O modelo para a hantavirose também mostrou que, apesar da diminuição da abundância de roedores, poderia haver um pequeno aumento da abundância do rato-do-mato nas áreas agrícolas. “Isso ocorre quando novos pequenos fragmentos florestais são formados em áreas agrícolas e quando pequenas áreas agrícolas são cercadas por grandes áreas florestais, aumentando a heterogeneidade da paisagem”, explica Prist e colaboradores em seu artigo. Em outro trabalho, também utilizando modelagem, Prist e seus colaboradores identificaram que as estradas que cortam florestas e as áreas de borda de florestas em contato com áreas agrícolas contribuem para a dispersão dos mosquitos do gênero Haemagogus e Sabethes, que transmitem o vírus da febre amarela. Por outro lado, o núcleo de florestas com grandes áreas tendem a barrar essa dispersão.
Os pesquisadores entendem que a modelagem pode contribuir para a escolha e planejamento de como e onde restaurar. Considerando apenas essas zoonoses, seria mais interessante restaurações que aumentassem os fragmentos já existentes de floresta, ao invés de criar diversos fragmentos dispersos em uma matriz agrícola.
“Mesmo nas condições nas quais há o aumento da abundância de espécies que controlam aquelas que transmitem doenças, há uma defasagem de tempo até que esse serviço ecossistêmico [controle das espécies transmissoras] seja realmente restaurado”, ressalta Prist.

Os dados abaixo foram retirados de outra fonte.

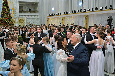 Александр Лукашенко 24 декабря принял участие в новогоднем балу для молодежи во Дворце Независимости.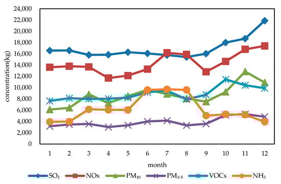 Figure 4 illustrates the monthly changes in the emission of major air pollutants in the CZT urban agglomeration. It can be seen from the figure that the monthly trend of pollutant discharge is relatively stable overall. Nevertheless, the monthly discharge of some pollutant’s peaks in autumn and winter. Among them, the concentration of SO2 reaches the highest in December, and NO2 emission reaches two peaks during July–August and November–December throughout the year. VOCs are found to peak in October, and the concentration of PM (PM10, PM2.5) rose rapidly in November. Generally, it is obvious that multiple pollutants peak in the autumn or winter. This may be caused by the following three points: firstly, heating in winter leads to the increase of coal consumption and the emission of a variety of air pollutants; secondly, the weather conditions in this period are not conducive to the spread of pollutants, resulting in constant deposition of pollutants; thirdly, the CZT urban agglomeration is surrounded by mountains on three sides. Atmospheric pollutants in the north migrate to the CZT urban agglomeration under the influence of the winter monsoon. The mountainous areas block the air mass and limit the diffusion of atmospheric pollutants. The accumulation of atmospheric pollutants in the CZT urban agglomeration causes a peak value. On the contrary, the peak of NH3 emission appears in the June–August, which probably relates to a sharp rise in temperatures in June. During this time, high temperatures will promote the breeding of livestock and increase the evaporation of NH3 in livestock and poultry, as observed in the study of Wang []. Besides, nitrogen fertilizer will be widely applied for crop planting, which can also contribute to the emission of NH3.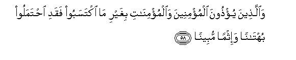 58. Waallatheena yu/thoona almu/mineena waalmu/minati bighayri ma iktasaboo faqadi ihtamaloo buhtanan wa-ithman mubeenan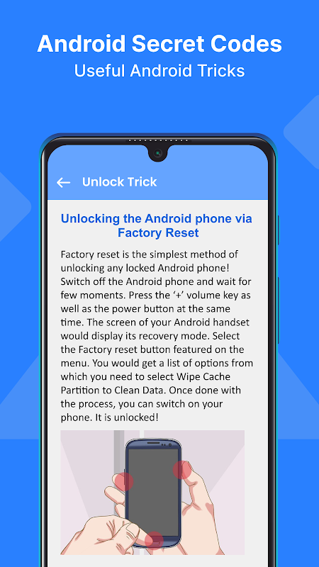 Mobile Secret Codes with Tricks & Tips for Android App giúp bạn khám phá tất cả thông tin hữu ích và các tính năng bí mật của điện thoại thông minh. Tìm hiểu tất cả các bí mật và thủ thuật công nghệ hiện đại dành cho điện thoại Android của bạn. Có một số cài đặt và thông tin ẩn trong ứng dụng Thủ thuật bí mật trên điện thoại chỉ có thể được truy cập bằng cách quay số mã bí mật. Hướng dẫn từng người một được cung cấp cho các mã bí mật bằng các mẹo và thủ thuật của Android.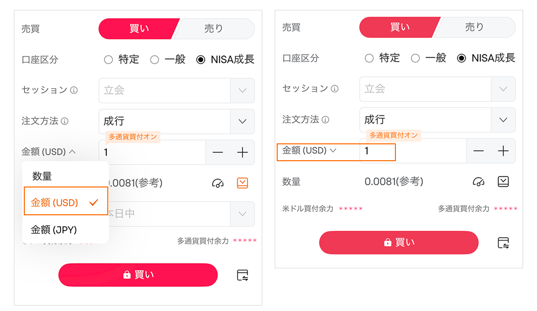 数量タブをタップし、数量指定(株数)、金額指定(USD)/(JPY)のいずれかを選択します。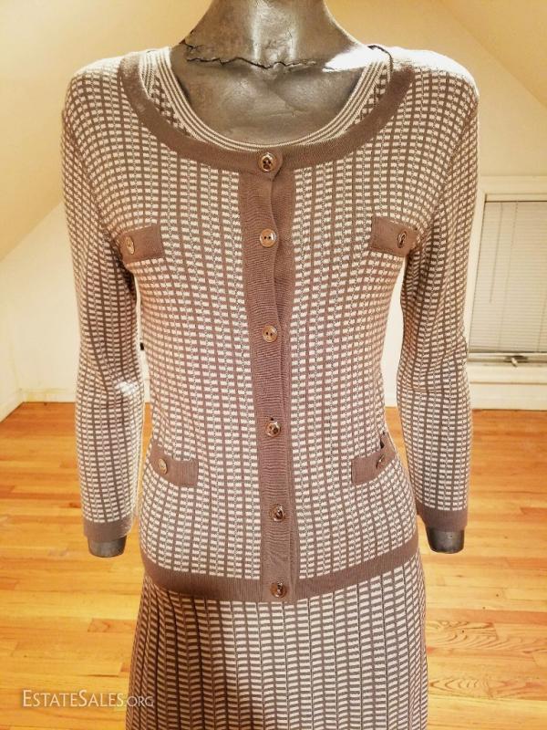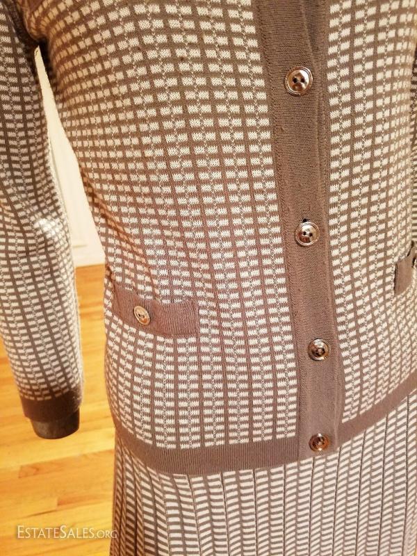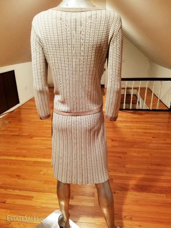 French designer Rodika Paris ensemble. Accordion pleats dress is very fluid and classic with the Chanel style jacket and gold plated designer buttons. on slash pockets. Classic for every occasion this one is magnificent.. worn only a few times.so it is like new.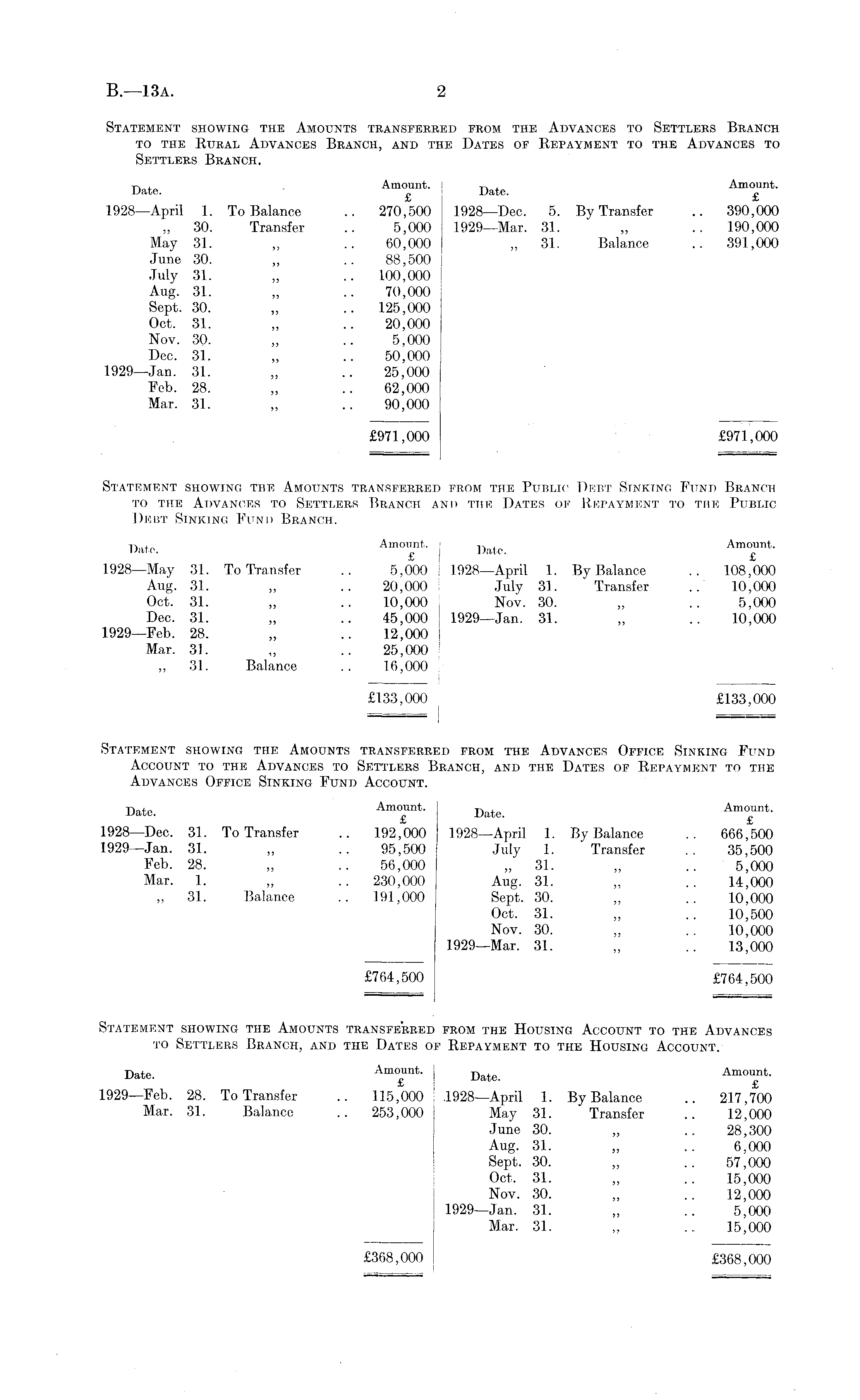 Statement showing the Amounts transferred from the Advances to Settlers Branch to the Rural Advances Branch, and the Dates of Repayment to the Advances to Settlers Branch. Date. • Amo £ unt - ! Date. Amo£Unt--1928—April 1. To Balance .. 270,500 1928 —Dec. 5. By Transfer .. 390,000 ~ 30. Transfer .. 5,000 1929—Mar. 31. ~ .. 190,000 May 31. „ .. 60,000 „ 31. Balance .. 391,000 June 30. ~ .. 88,500 July 31. „ .. 100,000 Aug. 31. „ .. 70,000 Sept. 30. „ .. 125,000 Oct. 31. „ .. 20,000 Nov. 30. ~ .. 5,000 Dec. 31. „ .. 50,000 1929—Jan. 31. „ .. 25,000 Feb. 28. „ .. 62,000 Mar. 31. „ .. 90,000 £971,000 £971,000 Statement showing the Amounts transferred from the Public Debt Sinking Fund Branch to the Advances to Settlers Branch and the Dates of Repayment to the Public Debt Sinking Fund Branch. Date. Amount. Date Amount. 1928—May 31. To Transfer .. 5,000 1928—April 1. By Balance .. 108,000 Aug. 31. „ .. 20,000 July 31. 'Transfer .. 10,000 Oct. 31. „ .. 10,000 Nov. 30. „ .. 5,000 Dec. 31. „ .. 45,000 1929—Jan. 31. „ .. 10,000 1929—Feb. 28. „ .. 12,000 Mar. 31. „ .. 25,000 ~ 31. Balance .. 16,000 £133,000 £133,000 Statement showing the Amounts transferred from the Advances Office Sinking Fund Account to the Advances to Settlers Branch, and the Dates of Repayment to the Advances Office Sinking Fund Account. Date. Amount. Date Amount. 1928—Dec. 31. To Transfer .. 192,000 1928—April 1. By Balance .. 666,500 1929 —Jan. 31. ~ .. 95,500 July 1- Transfer .. 35,500 Feb. 28. „ .. 56,000 „ 31. „ .. 5,000 Mar. 1. „ .. 230,000 Aug. 31. „ .. 14,000 ~ 31. Balance .. 191,000 Sept. 30. ~ .. 10,000 Oct. 31. „ .. 10,500 Nov. 30. „ .. 10,000 1929—Mar. 31. „ .. 13,000 £764,500 £764,500 Statement showing the Amounts transferred from the Housing Account to the Advances to Settlers Branch, and the Dates of Repayment to the Housing Account. Date. Amount. Datg Amount. 1929—Feb. 28. To Transfer .. 115,000 .1928—April 1. By Balance .. 217,700 Mar. 31. Balance .. 253,000 May 31. Transfer .. 12,000 June 30. „ .. 28,300 Aug. 31. „ .. 6,000 Sept. 30. „ .. 57,000 Oct, 31. „ .. 15,000 Nov. 30. „ .. 12,000 1929—Jan. 31. „ .. 5,000 Mar. 31. „ .. 15,000 £368,000 £368,000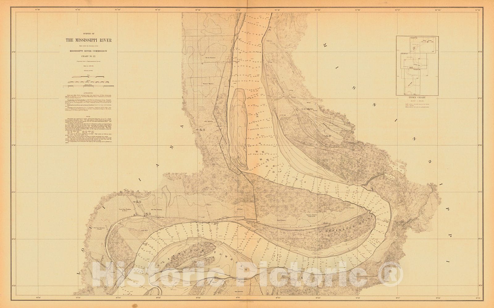 Historic Nautical Map - Survey Of The Mississippi River, 1880 NOAA Chart - Vintage Wall Art, v6

Nesse caso, ou nos casos em que melhores escolhas não são possíveis, a pesquisadora destaca que medidas preventivas e educativas que diminuam os riscos de contaminação – como uso de repelente, no caso de mosquitos, ou de máscara, no caso do hantavírus – e o contato das pessoas com os animais, como o controle de roedores nas áreas agrícolas.
Entretanto, os pesquisadores alertam que as pesquisas ainda precisam avançar muito. Em um recente levantamento bibliográfico feito por Prist e Raquel de Carvalho, pós-doutoranda do projeto Biota Síntese, não foi encontrado nenhum estudo que investigue a relação entre restauração e dispersão de zoonoses em países tropicais.
Outros fatores que interferem no risco de zoonoses
Um estudo de pesquisadores da Fiocruz e de outras instituições brasileiras e portuguesas investigou a relação de vulnerabilidades socioambientais com o risco de epidemias de zoonoses. De acordo com as análises, os números médios de casos identificados de zoonoses tendem a ser maiores em regiões com maior perda de vegetação nativa e menores em regiões com maior cobertura de vegetação. Atividades que coloquem as pessoas em contato com animais que podem carregar patógenos, como a caça, também podem aumentar o risco de contágio, inclusive de doenças ainda desconhecidas.
Os pesquisadores também defendem a importância de uma política transversal que olhe a saúde considerando aspectos ambientais e sociais, essa visão está relacionada à ideia de saúde única (one health), que considera uma abordagem unificada para a saúde humana, animal e ambiental.
Conflitos de escolhas: dependendo da paisagem formada, diferentes objetivos são privilegiados
O uso de restauração para solucionar problemas socioambientais está em conciliar ou priorizar objetivos. “Quando houver um aumento do conhecimento sobre como os diferentes grupos, organismos e doenças respondem [ao desenho da paisagem], conseguiremos definir melhor as questões de conservação”, explica Carvalho. Diferentes desenhos da paisagem podem privilegiar diferentes organismos.
Paisagens com fragmentos florestais espalhados em áreas agrícolas, que aumentam o risco de zoonoses, podem ser importantes na dispersão de polinizadores, como abelhas e outros insetos, importantes para o cultivo de diversos alimentos. Essas paisagens também contribuem para prevenir doenças respiratórias e cardiovasculares, uma vez que a vegetação absorve a poluição presente no ambiente, assim, quanto mais espalhada melhor.